Hanefi Avcı’ya 1 yıl 3 ay hapis
Tutuklu Emniyet Müdürü Hanefi Avcı, “Haliç'te Yaşayan Simonlar: Dün Devlet Bugün Cemaat” adlı kitabı sebebiyle mahkum edildi. Ankara 2. Asliye Ceza Mahkemesi'ndeki duruşmada Avcı, kitapta ismi geçen Osman Hilmi Özdil'e ‘iftirada bulunduğu’ için 1 yıl, ‘hakaret ettiği’ gerekçesiyle de 3 ay 15 gün hapis cezasına çarptırıldı. Mahkeme, 3 ay 15 günlük cezayı 2 bin 100 lira adli para cezasına çevirdi. Ancak, bu cezalara ilişkin hükmün açıklanması geri bırakıldı. Avcı'nın avukatı Fidel Okan, kararla ilgili bir ağır ceza mahkemesine itirazda bulunacaklarını bildirdi.

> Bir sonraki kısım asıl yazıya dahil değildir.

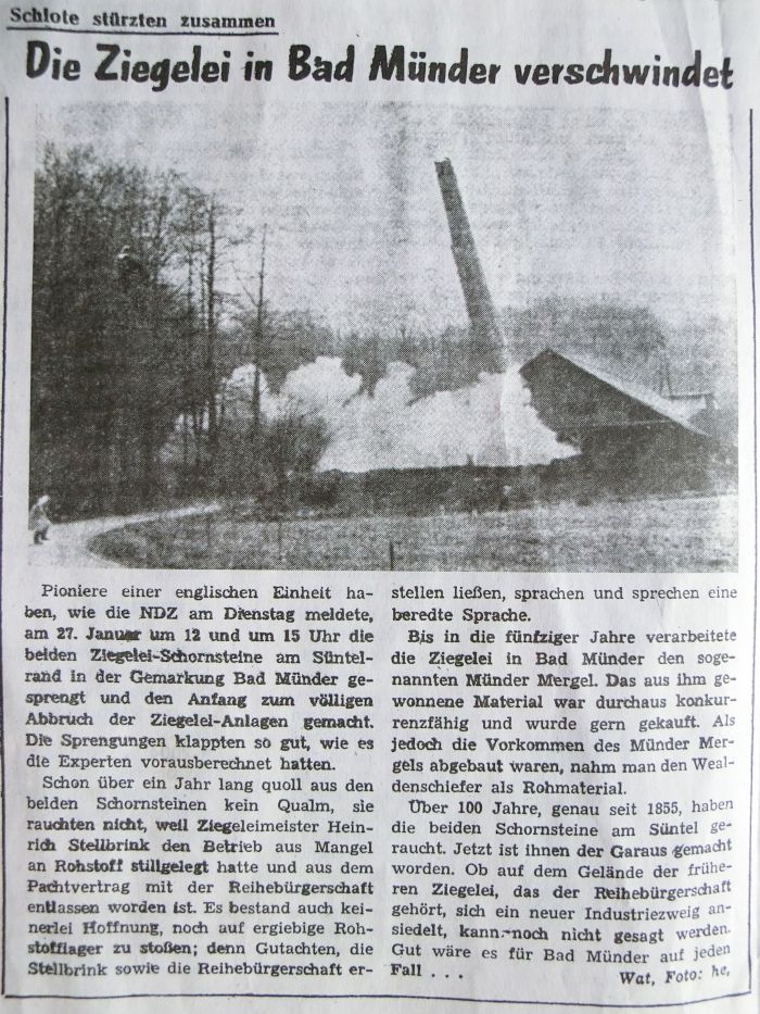 Die Ziegelei am Süntel ist ca. 1855 errichtet worden. Der Ton stammte ursprünglich aus einer Grube am Süntelrand in Richtung Hamelspringe, Pferdefuhrwerke brachten ihn über die Gleise einer Feldbahn heran. In den 40er Jahren des letzten Jahrhunderts wurde ein neuer Pachtvertrag zwischen der Ziegelei und der Reihebürgerschaft Bad Münder zum Tonabbau im Süntel geschlossen. Den Ton gewann man seitdem in einer Grube unterhalb der Bergschmiede. Der Betreiber der Ziegelei, H. Stellbrink, führte die Firma bis 1962. Er wies gegenüber der Reihebürgerschaft durch ein geologisches Gutachten nach, dass zu diesem Zeitpunkt das Tonlager erschöpft war, der Pachtvertrag konnte aufgehoben werden. 1964 wurde der einst qualmende Schornstein mit Hilfe einer britischen Pioniereinheit gesprengt.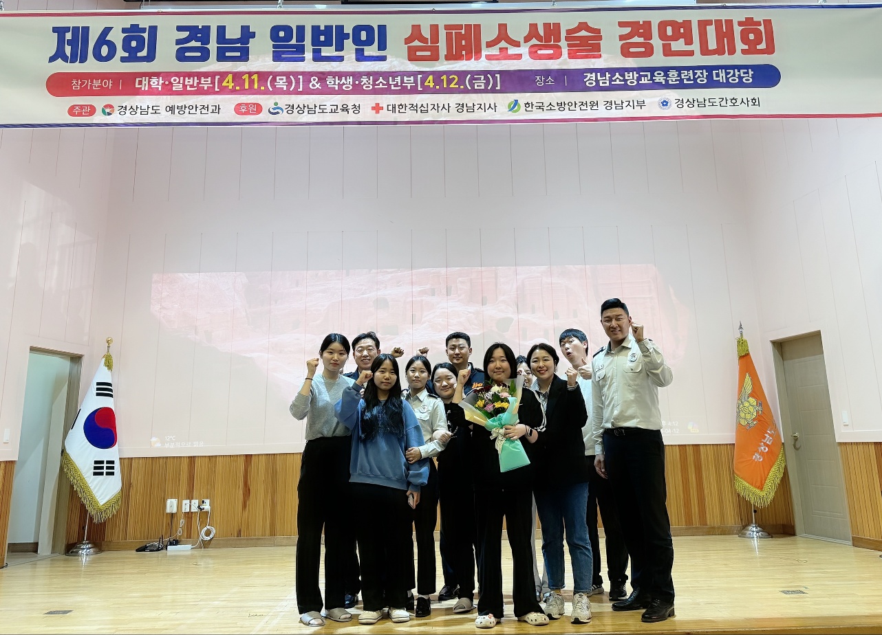 - 대회 일시 : 2024.04.12.(금) 10:00 ~ 15:30 - 대회 장소 : 경남소방교육훈련장 대강당(의령군) - 참가 학생 : 보건간호과 자율 동아리[골든타임] 학생 4인 위급한 상황에서 자신과 타인을 보호할 수 있는 필수적인 기술을 습득하고자 학생들과 열심히 준비하여심폐소생술 경연대회에 참가하였습니다. 이번 대회를 통해 학생들이 안전사고 예방에 관련된 기술 능력은 물론 협동심, 책임감, 리더십을 강화하는 데 큰 도움이 되었으며, 경연대회에는 첫 참가임에도 불구하고 쟁쟁한 19개 팀 중에서 자랑스럽게도 3등을 거머쥐는 쾌거를 이루었습니다.

Grup Yorum üyesine cezaevinde saldırı
Grup Yorum yazılı açıklama yaparak, Tekirdağ 1 No'lu F Tipi Hapishanesi'nde tutuklu üyeleri Seçkin Aydoğan'ın, Eser Morsümbül ve Onur isminde iki tutsakla beraber saldırıya uğradığını belirtti. Açıklamada saldırı sonrası kimsenin sağlık durumu hakkında bilgi alınamadığı söylendi; olaydan hapishane müdürü, diğer görevliler ve gardiyanlar sorumlu tutuldu.

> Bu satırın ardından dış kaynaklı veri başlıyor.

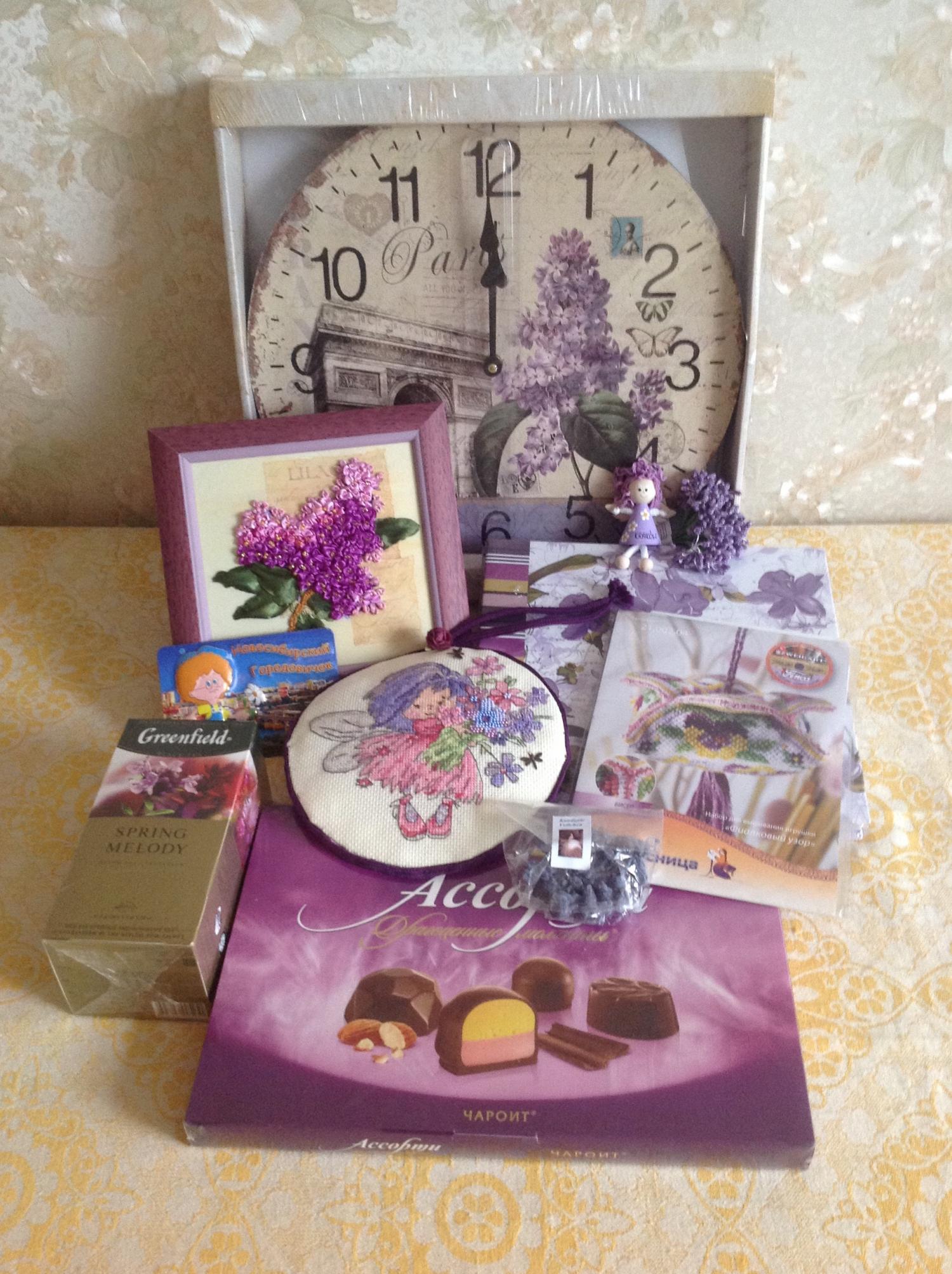 25 сентября 2015 Всем привет! Вот и я с отчетом о замечательном фиолетовом подарке от Марины (arunrie). Как уже писала, такой большой коробки я раньше еще не получала. Еле до дома дотащила. ))) Вот она, заветная коробочка. А там... мешочки! А в мешочках столько всего красивого. ))) И упаковочной газетки тоже много, хоть коробочка и помялась с одной стороны, все доехало в целости и сохранности. И начала я посылку распаковывать. Честно говоря, даже не знала, с какой стороны открывать коробку. Поэтому уж не скажу, что мне сначала попалось - верх или низ посылки. ))) Но когда все подарки вызволила из плена упаковочных мешочков, вот что я там нашла. Рукодельная часть. Замечательная феечка с огромным букетом цветов. ))) Там даже бисерный цветочек в букете есть, все блестит и переливается. Рассматривала и рассматривала, но только вот сейчас и заметила, что там еще и стрекозки-чармики вокруг букета летают. ))) И оформлена она в большой красивый пинкип. Пинкипа у меня еще не было, поэтому очень рада такому подарку! Уже нашел свое место в моем творческом уголке. А еще я в коробке нашла невероятно красивую шкатулку с веточкой сирени из лент. ))) Там тоже бисеринки и все такое блестящее и аккуратное. Очень люблю сирень - для меня она самый весенний цветок здесь. Особенно потому, что во дворе, где я росла, много кустов сирени. И это одна из стойких ассоциаций с родительским домом. ))) Но это еще не все. В шкатулочке тоже подарочки прятались. Вот такой вот ангелок-магнитик и веточка лаванды. Ангелочка я на холодильник не отдам, чтобы не разбили ненароком, будет у меня в комнате жить и радовать своим видом. А лаванду пристрою на кукольные дела. )) И вместе. Еще в посылке оказались вкусняшки. Чай Гринфилд - мы чаи этой марки пьем с удовольствием, так что полное попадание. ))) Конфетки ассорти - выглядят вкусно, но пока еще не открывала. Вечером все соберутся, вот и попробуем. ))) Но чего точно не ожидала в посылке увидеть, так это засахаренные фиалки. Марина, спасибо! Еще в коробочке нашелся очень красивый альбом для фотографий в тон всего подарка. Теперь есть повод сделать много новых фотографий, чтобы оформить их в этот альбом. ))) На дверцу холодильника отправился большой магнитик с новосибирским городовичком. А ко мне в закрома - наборчик "Фиалковый узор" от Марьи искуссницы. Ура-ура! Очень полюбила "кривульки", поэтому с огромным удовольствием вышью этот набочик. А теперь главная причина того, почему коробка была такая объемная. Марина мне прислала... настенные часы! Вот это оказался сюрприз так сюрприз! Удивлена и обрадована была безмерно. ))) Часы точно не ожидала увидеть в посылке. В пути лопнула упаковочная пленка, но сами часы целы. И вот весь подарок целиком. Мариночка, спасибо огромное, очень рада получить такую красоту!!! Все пригодится и найдет свое место в моем доме! letka, dolli7, чеба и 35 других сказали спасибо Поделиться сообщением Ссылка на сообщение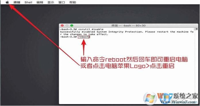 5、終端內(nèi)輸入命令reboot即可重啟電腦,或者點(diǎn)擊Apple logo然后點(diǎn)擊重啟。

16 Aralık'ta tutuklanan Aydoğan, Taksim Meydanı'nda yapılan “Yürüyüş çalışanları serbest bırakılsın” protestosuyla basın açıklamasına katıldığı ve ‘örgüt sloganı attığı’ gerekçesiyle, 2911 Sayılı Toplantı ve Yürüyüş Kanunu'na muhalefet, Terörle Mücadele Kanunu, 7/2. maddesindeki örgüt propagandası ve Türk Ceza Kanunu 314. maddesindeki örgüt üyeliği suçlamalarıyla yargılanıyor. Bir sonraki duruşması Çağlayan Adliyesi 15. Ağır Ceza Mahkemesi'nde 2 Nisan'da görülecek.
‘Pembe Tezkere’ belgeseli
Emre Azizlerli'nin çektiği, BBC World’ün yayınladığı “Pembe Tezkere” (The Pink Certificate) adlı belgeselde Türkiye’de eşcinsellerin askerlikten muaf tutuldukları, ancak küçük düşürücü biçimde eşcinsel olduğunu kanıtlamak zorunda oldukları belirtildi. Çeşitli gün ve saatlerde yayınlanacak olan belgeselde eşcinsellerin bu konudaki deneyimlerine yer ayrılıyor. Gerçek ismi gizlenen, belgeselde Gökhan adını kullanan bir eşcinsel, “açık bir şekilde bir başka erkekle cinsel ilişkiye girdiği yüzlerin belirgin olduğu bir fotoğraf istendiğini ve fotoğrafta kendisinin pasif partner olarak görünmek zorunda olduğunu” söylüyor.
“Ateistten kimseye fayda gelmez”
AK Parti Zonguldak Milletvekili Özcan Ulupınar 4+4+4 kademeli eğitim sistemine geçişi Başbakan’ın daha önceden dile getirdiği ‘dindar nesil yetiştirme’ temennisine bağladı. Ulupınar, Çaycuma ilçesinde katıldığı cami açılışında şöyle konuştu:
“Dindar bir nesilden kime zarar gelir? Vatana, memlekete, dinine, kendisine, ailesine faydası olur. Ateist, dinsiz bir gençten hiç kimseye fayda gelmez. Kafamızı gözümüzü de yarsalar, bıçak da sallasalar, kurşun da atsalar bu hafta ‘4+4+4’ geçecek.”